The compiler will fall back to a full barrier if the user requests an acquire/release and it is not available in the target. Also, if no variant is available, we will fall back to a compare and swap loop with a full barrier at the end.

The real reason for this patch is to implement atomic stores in the C++ runtime library, which can currently incorrectly move prior stores past an atomic store, thus invalidating the happens-before promise for the sequentially consistent model. I am attaching the corresponding patch to libstdc++ to show how I intend to use the builtin.

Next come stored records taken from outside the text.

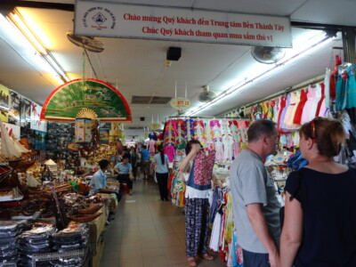 続いて、「ベンタイン市場」です。食料品、日用品、衣類生活に関わる全てが揃い、ホーチミン市民でいつもたくさんです。もちろん観光客用にも雑貨、アオザイなど何でも売っています。ここは値札が付いていないので、観光客には必ず、高い値段を言ってきます。負けずに価格交渉してみてください。もともと言われた半額以下になることも。。「自分がこの値段なら買ってもいいな」と納得する価格を目指してみてください。楽しいですよ。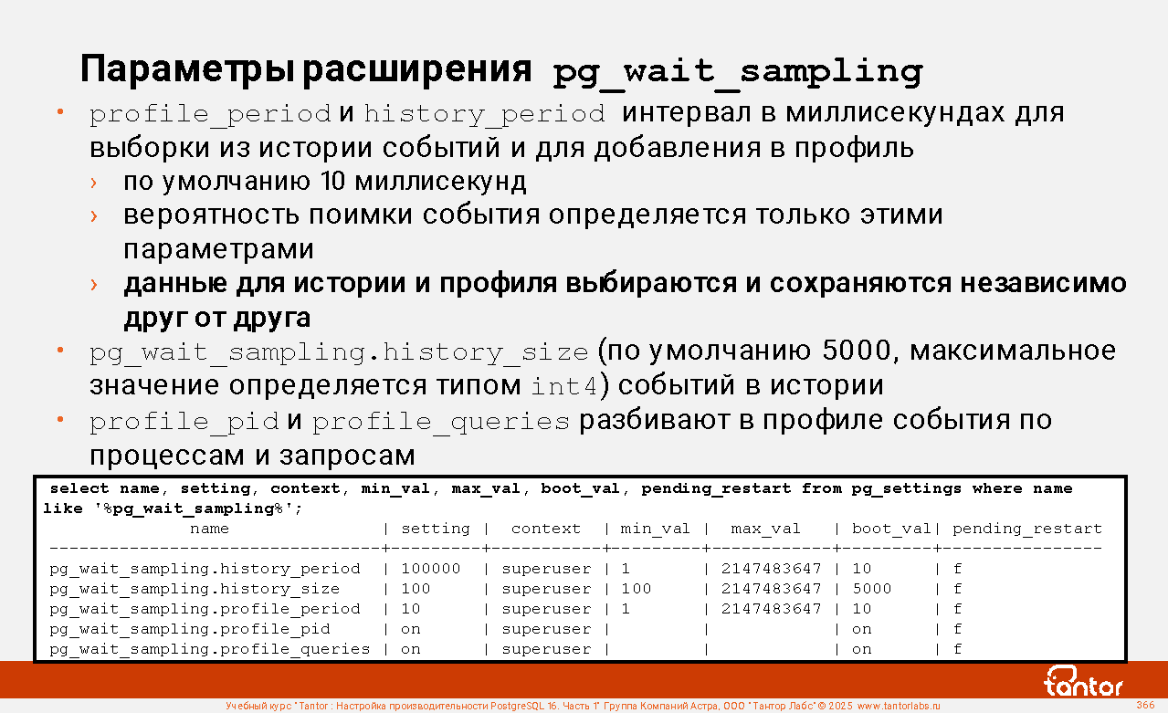Запросы к профилю pg_wait_sampling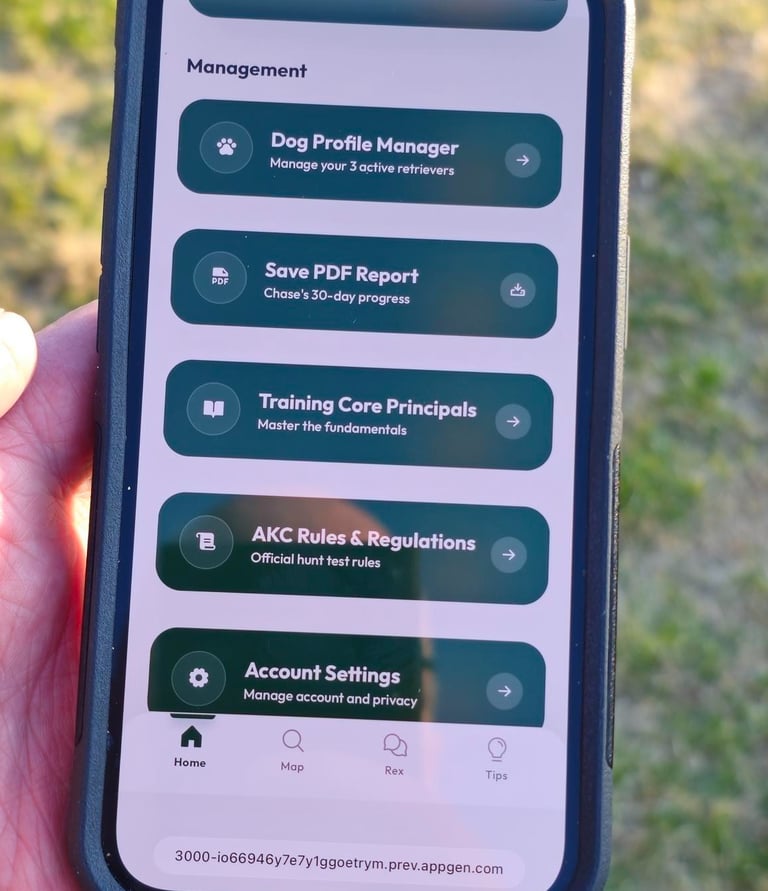 Inside the app, you’ll have direct access to the official AKC Rules & Regulations—fully embedded and always at your fingertips. Whether you’re new to hunt tests or looking to sharpen your understanding, this is your go-to reference in the field or at home.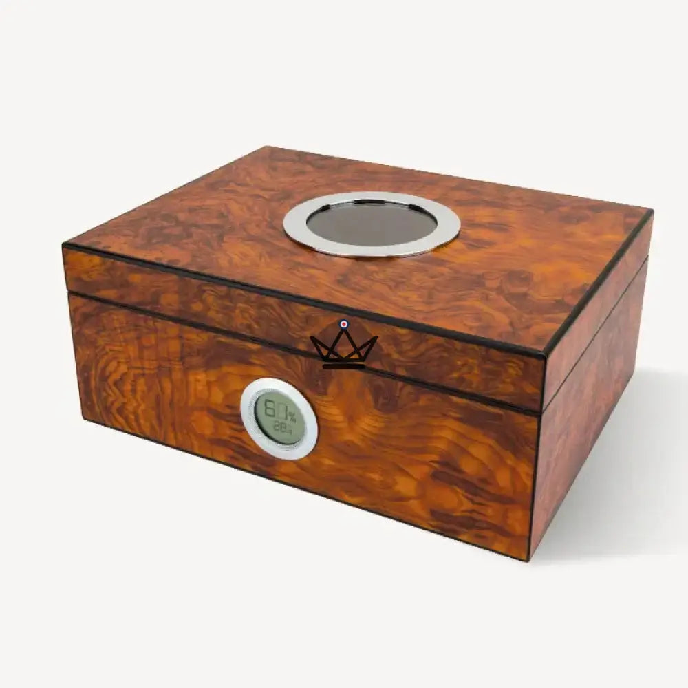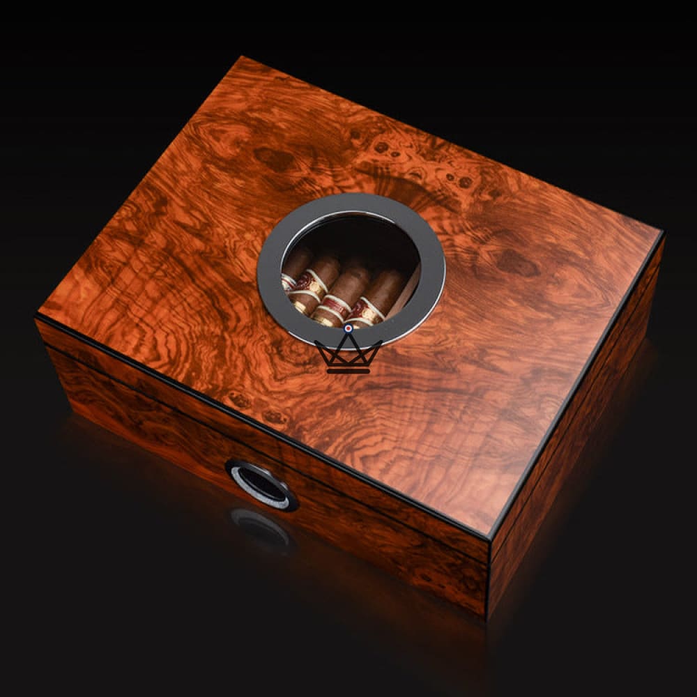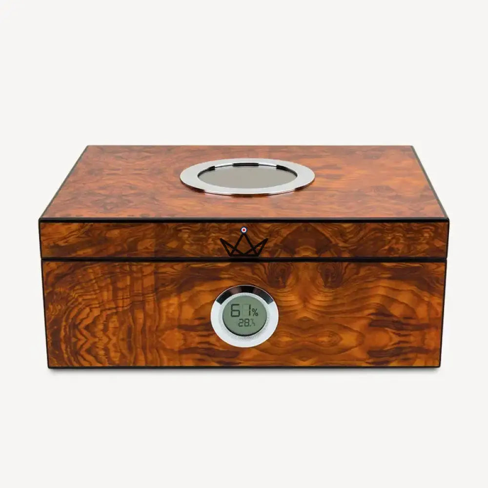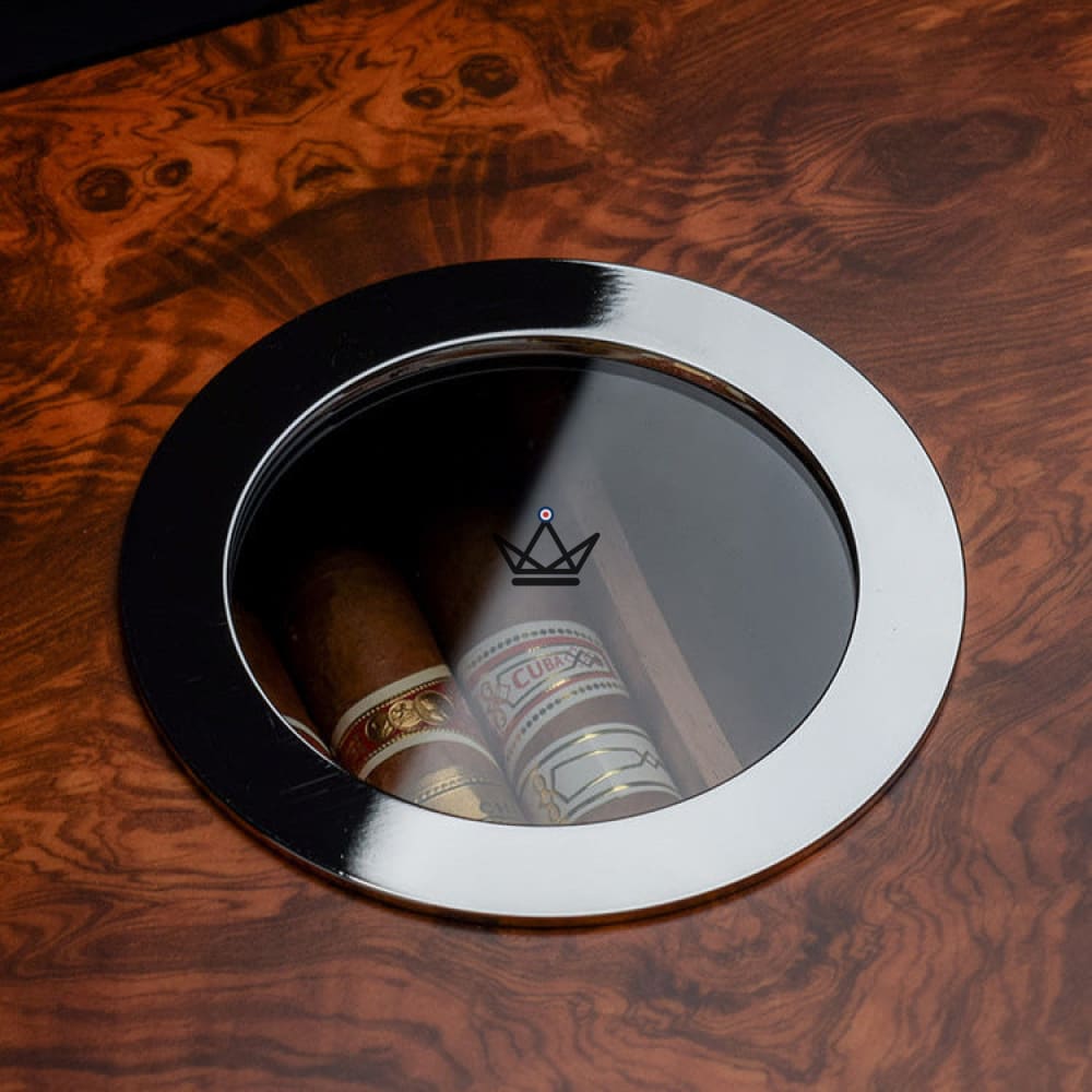 Sein schlichtes und elegantes Design, das durch ein gemasertes Holzfurnier in Wurzelholzoptik aufgewertet wird, zeichnet sich durch ein einzigartiges Detail aus: ein rundes Bullauge im Deckel, durch das Sie Ihre Sammlung betrachten können, ohne die Box öffnen zu müssen. So können Sie Ihre Cohiba , Montecristo , Romeo y Julieta , Partagás oder sogar Hoyo de Monterrey überwachen, ohne deren Konservierung zu gefährden.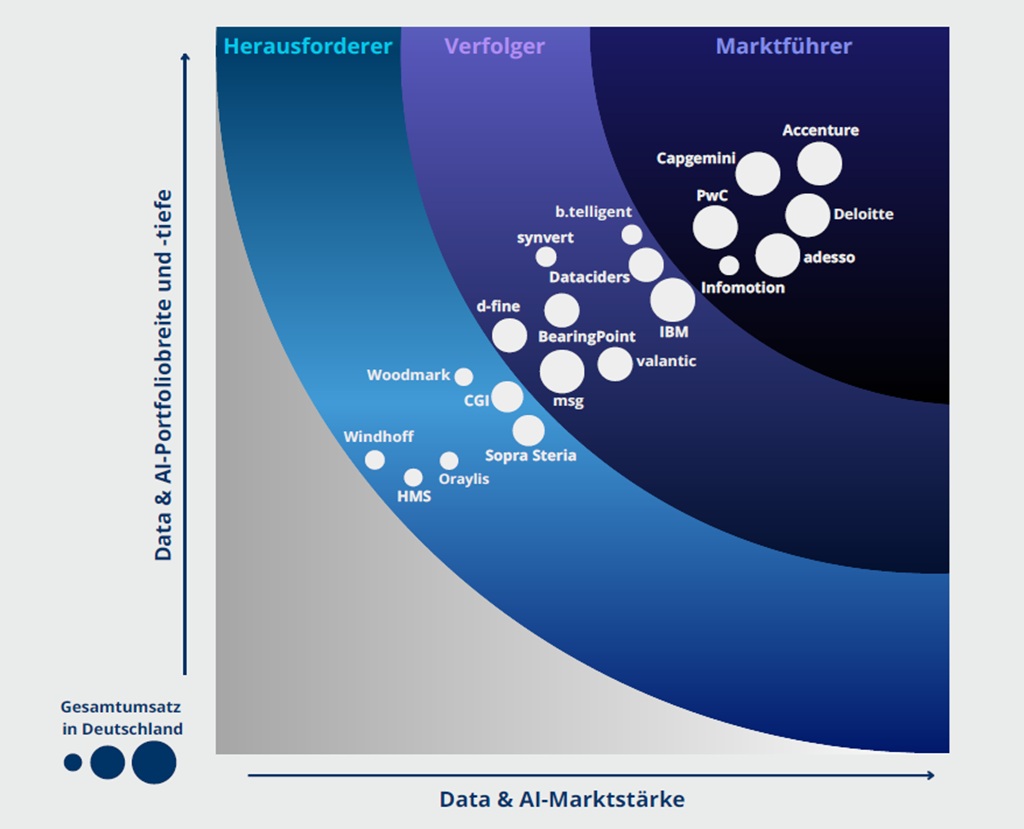 Als führende Anbieter von Data & AI Services identifiziert Lünendonk Accenture, Deloitte, Capgemini, PwC, adesso und Infomotion. Sie kombinieren ein breites Portfolio mit hoher Consulting- und Technologieexpertise sowie ausgeprägter Marktwahrnehmung. Im Verfolgerfeld sieht die Studie unter anderem b.telligent, Dataciders, synvert, IBM, d-fine, valantic, BearingPoint und msg. Zu den Herausforderern zählen CGI, Sopra Steria, Woodmark, Oraylis, Windhoff und HMS.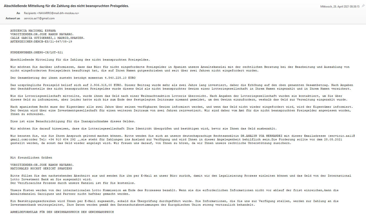 Lustig, eine spanische Anwaltskanzlei mit russischer E-Mail-Adresse.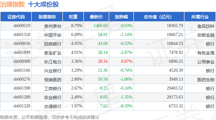 资金流向方面,治理指数(000019)成份股当日主力资金净流出合计95.41亿元,游资资金净流入合计19.96亿元,散户资金净流入合计75.45亿元。成份股资金流向详情见下表: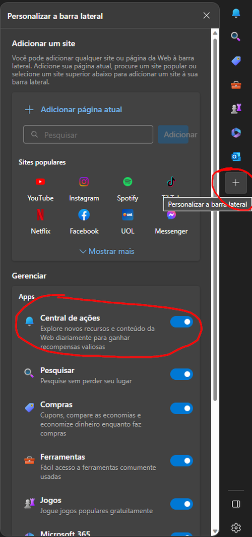 Ativar a Central de Ações no Edge ou no Edge Dev? (Nao encontro aqui)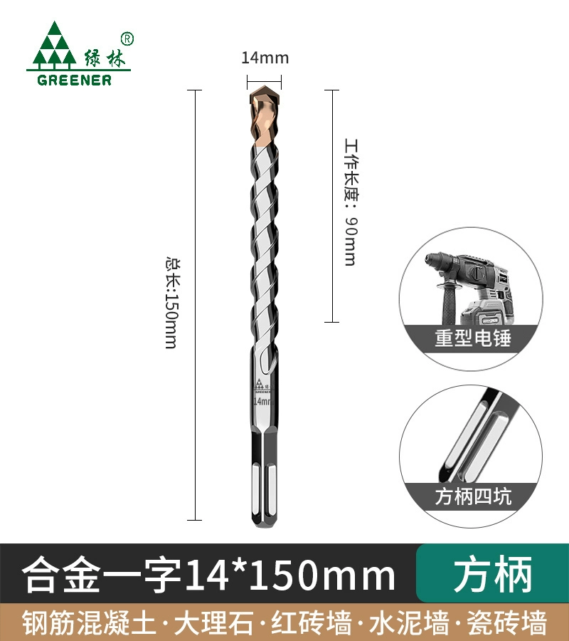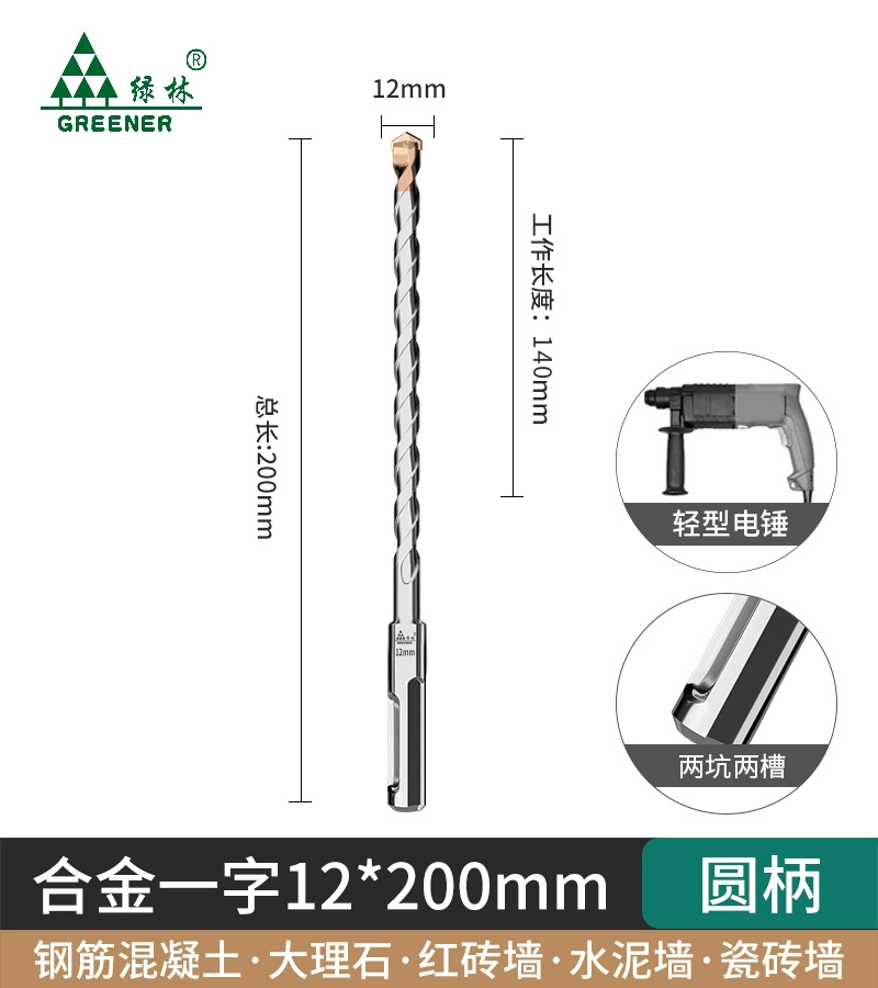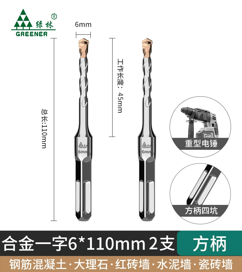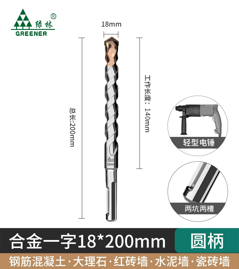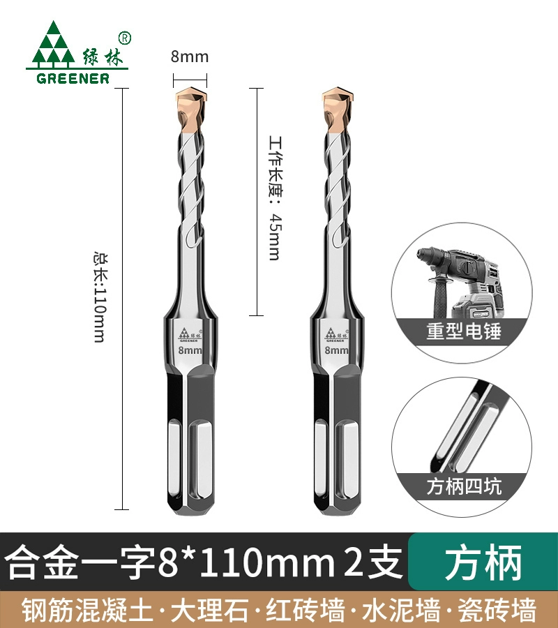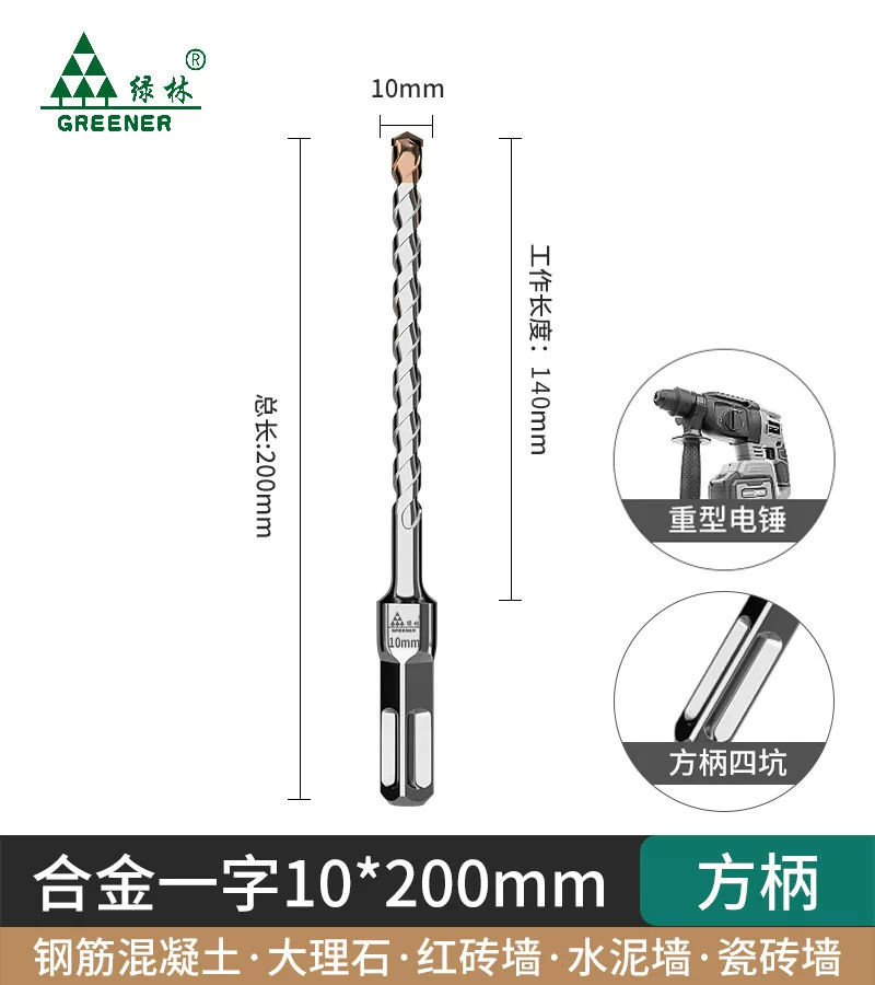 | nameOriginal | Green Forest Impact Drill Electric Hammer Through Wall Slotting Square Handle Round Handle Concrete Electric Bell Extended Drilling Turn |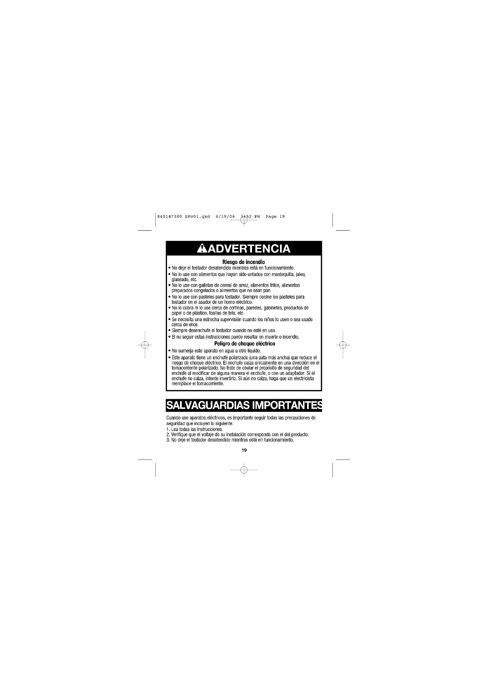 840147300 SPv01.qxd 4/19/06 3:52 PM Page 1921 INFORMACIÓN ADICIONAL PARA LA SEGURIDAD DEL CONSUMIDOR Para evitar una sobrecarga del circuito, no opere otro aparato electrodoméstico de alto consumo de corriente en el mismo circuito. El largo del cable que se utiliza con este artefacto fue elegido para reducir el riesgo de enredarse o de tropezarse con él si fuese más largo. Si se necesita un cable eléctrico más largo, podrá usarse un cable de extensión aprobado. La potencia eléctrica del cable de extensión deberá ser igual o mayor que la del tostador. Se debe tener cuidado al acomodar el cable de extensión de manera que no cuelgue por el borde de la mesa o mostrador y que los niños no puedan jalarlo o tropezarse accidentalmente.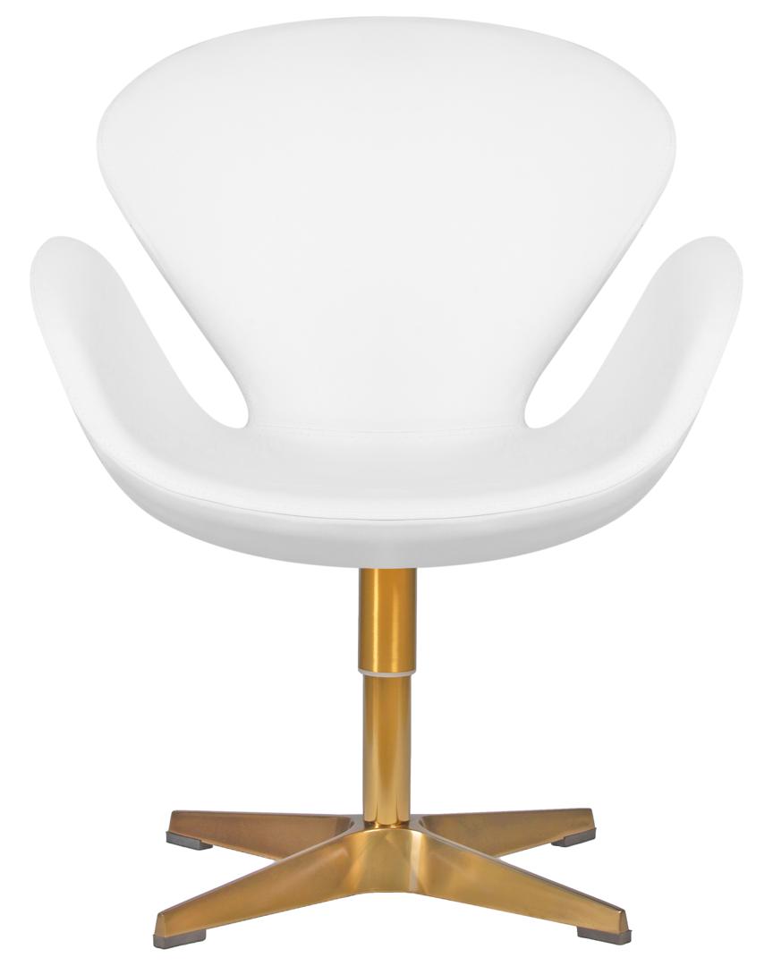Кресло DOBRIN Кресло дизайнерское DOBRIN SWAN, белый кожзам P23, золотое основание арт. LMO-69A_G-M_EL-P23

This is not an official submission for the C++ library bits, as I have not yet fully tested the library. I will do so separately.

In a followup patch I will be implementing acq/rel/full variants for all the __sync_* builtins which we can use for the atomic loads and for some of the OpenMP atomics Jakub has been working on.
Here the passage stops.